Thursday, October 23, 2014

High Five for Counting!

Once upon a time when Mason set up this little blog for me (way back in 2008), I made the mistake of labeling posts with the child's name that the post was about. Oh for the love of mercy, would you believe these children keep tabs on who has the most. Try as I might to convince them sheer numbers aren't always a good thing -- I blog a lot when one of them has surgery for instance -- they still insist. So knowing that I am totally skewing the number for Benjamin this week, I must share another email about that dear boy (Sorry Mason and Claire!)

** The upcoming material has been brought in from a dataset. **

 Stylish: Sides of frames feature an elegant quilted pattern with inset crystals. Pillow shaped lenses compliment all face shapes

Botox (Botulin Toxin) is used in children with Cerebral Palsy as a non-surgical means to fight the spasticity of their muscles. Benjamin and Mason have had Botox in their legs, arms and hands all in an effort to remove the tightness of those areas. Often, children are sedated for Botox injections but my boys have never been sedated for those. As a matter of fact:

June 22, 2001 -- "Benjamin flinched when the first needle went in, telling the doctor to hurry and get it out; flinched less for the second and then told the doctor, 'Thank you. Now, let's go, Mommy!' when the procedure was over. He is an amazing kid."

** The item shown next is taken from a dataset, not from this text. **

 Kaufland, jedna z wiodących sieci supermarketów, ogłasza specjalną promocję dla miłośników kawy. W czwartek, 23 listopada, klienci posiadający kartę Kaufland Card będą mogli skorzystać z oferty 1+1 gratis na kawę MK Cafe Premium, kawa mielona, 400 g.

Benjamin was four years old and these injections were in his hands.

"Benjamin told Dr. Nash, 'I need botox so I can say give me five.' We won't know if it has any effect for a few days to a couple of weeks and even then therapy is key -- so please keep praying! It's the little things -- and this kid wants to be able to say 'give me five' and turn his hand, palm up!"

Often we have to do things -- Botox, surgery, therapies -- for reasons that are not motivational for Benjamin at all. But this day -- this day in 2001, enduring the big needle for the Botox injection was well worth it to my son. Why? Because telling a friend he did a good job, giving him a high five, is something this child felt -- and feels -- passionate about.

I don't know about you, but I am pretty sure Benjamin has a good handle on counting what counts.

Carol - The Blessings Counter

Wednesday, October 22, 2014

Using Exclamation Points for What Really Counts.

Hindsight offers wisdom, insight and sadly, judgement. I read today's email with a lump in my throat, and a knot in my stomach. 

August 13, 2000 -- "Benjamin had his casts removed Wednesday. The doctor has placed him in a brace that will hold his legs in basically the same position the casts did while allowing him to move, and walk! Hopefully, this will help even further the development of that left hip! Please keep praying! He is a trooper and still insists he thinks the brace is cool! He had done a little walking since the cast removal but seems to really hit a wall quickly. Please pray that he will regain his strength and desire to walk soon!!"

Benjamin in his little brace, reading with Mommy, Claire and Mason.

If exclamation points are what we are counting, I tally no less than six in this one paragraph written to my friend begging for prayer support for Benjamin. And let's be honest, I am begging for prayers that he will walk.

Perhaps, I sound like a broken record by now. Perhaps you are absolutely exhausted with my repetitive posts about walking. But please, dear ones, know that I WAS in fact writing about that in a lot of my emails. I was in fact praying about that a lot in my prayer time. I was in fact worrying, hoping and thinking about that most of every single waking moment.

Because remember, my lopsided paradigms thought walking equalled wholeness. If he walks then he is...dare I say it?....normal.

Thank goodness for a young man who is not limited by lopsided paradigms. Thank goodness that I am capable of learning from him. And thank goodness that I laid down that close-minded thinking before he started kindergarten -- allowing him to roll right into that school and shine!

Because his ability to shine is what really deserves no less than six exclamation points -- it is what really and truly counts!

Carol - The Blessings Counter

Tuesday, October 21, 2014

Kindness definitely counts.

Day 21 of my writing challenge and I fear I am boring you to tears with my recounting of stories from emails written to my dear dear friend -- a wise friend who printed them out and mailed them to me years after they were written. But even as I fretted this morning about this, I realized that my writing is such an active way for me to process feelings, emotions and to give weight to the things that deserve weight...that I must continue learning to count what really counts regardless.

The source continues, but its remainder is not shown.